Les radicaux peuvent être monosyllabiques ou polysyllabiques. Dans ce dernier cas, la syllabe finale et la pénultième qui la précède ont seules une incidence sur les traits du suffixe. La finale du radical, celle qui précède le suffixe, peut elle-même avoir soit la structure CV, avec voyelle brève, ou CV:

Quand elle est de structure CV, on observe que le mot est construit avec un suffixe, au singulier comme au pluriel.

(109) lι-bί-lι m-bί-lι le pépin

lι-à-lὶ ŋ-à-lι le tabouret

Sa présence fait apparaître une règle morphologique : la brièveté à la fin du lexème est corrélative de la présence d’un suffixe au niveau du pluriel. Inversement, la longueur vocalique à la fin du lexème est corrélative de l’absence de suffixe au pluriel. La construction morphologique du nom en konkomba obéit donc à un schéma portant sur les traits de longueur et de tonalité des phonèmes concaténés.

3.2. 3. De l’autonomie des tons et de la longueur vocalique en morphologie

1) La tonalité. Affixes et lexèmes tels que présentés ci-dessus ne font apparaître que des segments consonantiques et vocaliques. Mais ceux-ci se combinent avec les différents tons

dont le fonctionnement est mieux connu depuis les recherches de John Goldsmith sur les tons :

“Tonal systems are at present among the best understood of phonological systems, and once an autosegmental perspective is adopted, it is not hard to see that tonal systems do operate elegantly, like clockwork ” (GOLDSMITH, 1993: 11).

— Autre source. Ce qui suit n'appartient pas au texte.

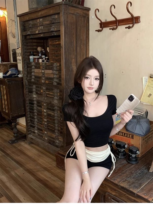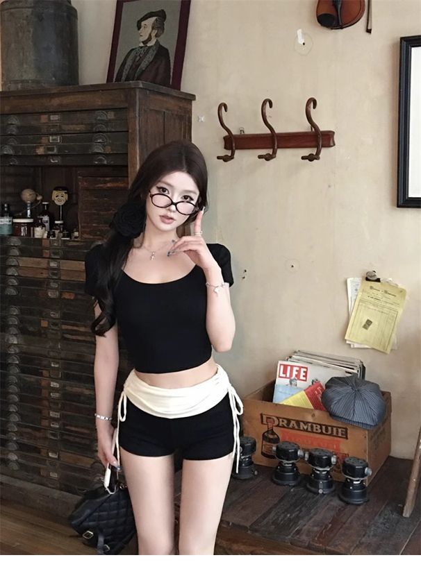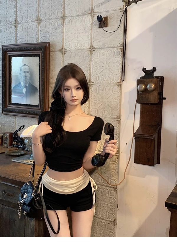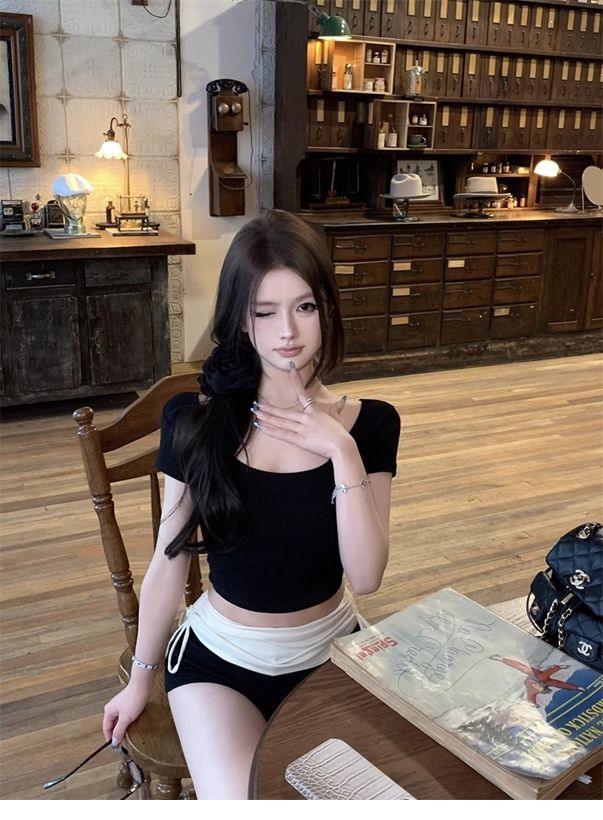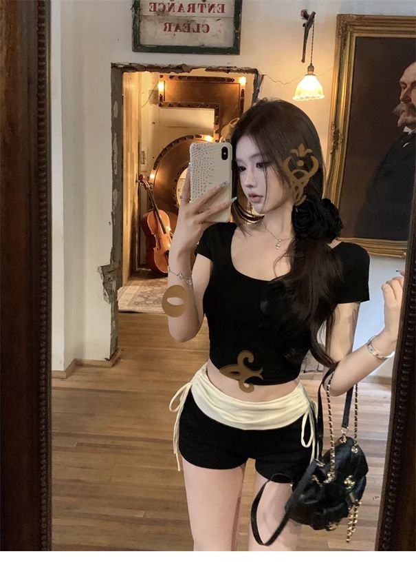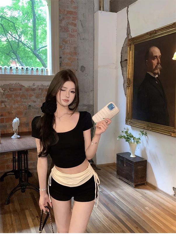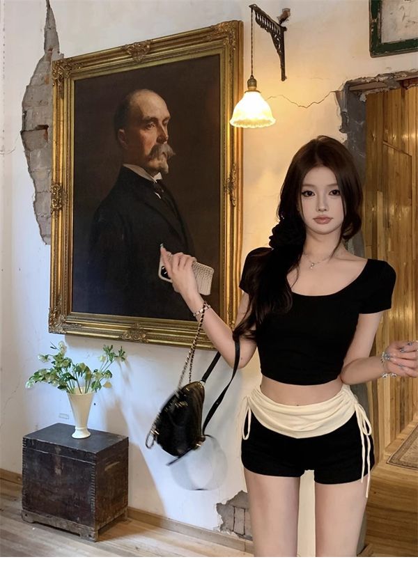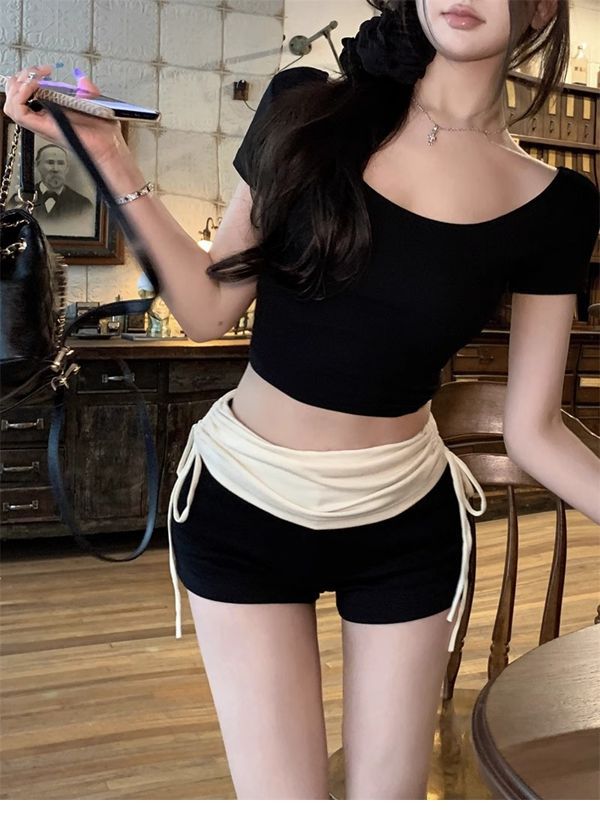 ホットガールレイジータイトフィットスリムカラー半袖Tシャツ夏のショートトップ巾着ショーツスーツ
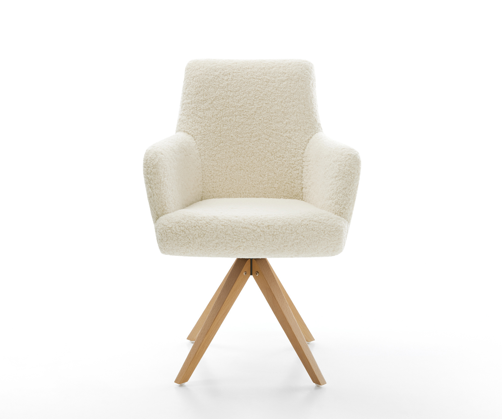 Étkezőszék Heira-Flex karfás teddy szövet bézs fa láb szögletes természetes 180° forgatható zsákrugós

Les segments consonantiques et les segments vocaliques sont placés sur un palier – le palier segmental ; les tons de leur côté sur le palier tonal. Ceux-ci sont indépendants des segments consonantiques ; la conséquence est qu’un suffixe peut tomber, sans que cela affecte les tons en présence :

“Processes affecting elements on one tier may in some cases have no impact on elements on a different tier. For instance, when vowels are deleted, the tones associated with them are not necessary lost” (KATAMBA, 1993: 154).

Ce constat est apparu dans l’analyse des différents mots du konkomba. Il est donc possible d’affirmer que dans cette langue, les faits tonals sont totalement indépendants des faits segmentaux dans leurs réalisations.

La tonalité reste alors une véritable réalité phonologique ; elle est exploitée de manière importante par la morphologie.

2) Longueur / brièveté vocaliques. De façon générale, ces faits prosodiques sont aussi maintenus. Toutefois, s’il est difficile qu’une voyelle brève devienne longue dans l’opposition de nombre, la réciproque est ce qu’il y a de plus fréquent – dans les conditions ci-dessus spécifiées. Il faut aussi noter qu’aucun affixe ne présente un noyau vocalique à syllabe longue ; de là le fait que toute attaque consonantique avec un noyau vocalique long (/CV:/) est radical ou fait partie d’un radical si le mot concerné est au moins dissyllabique.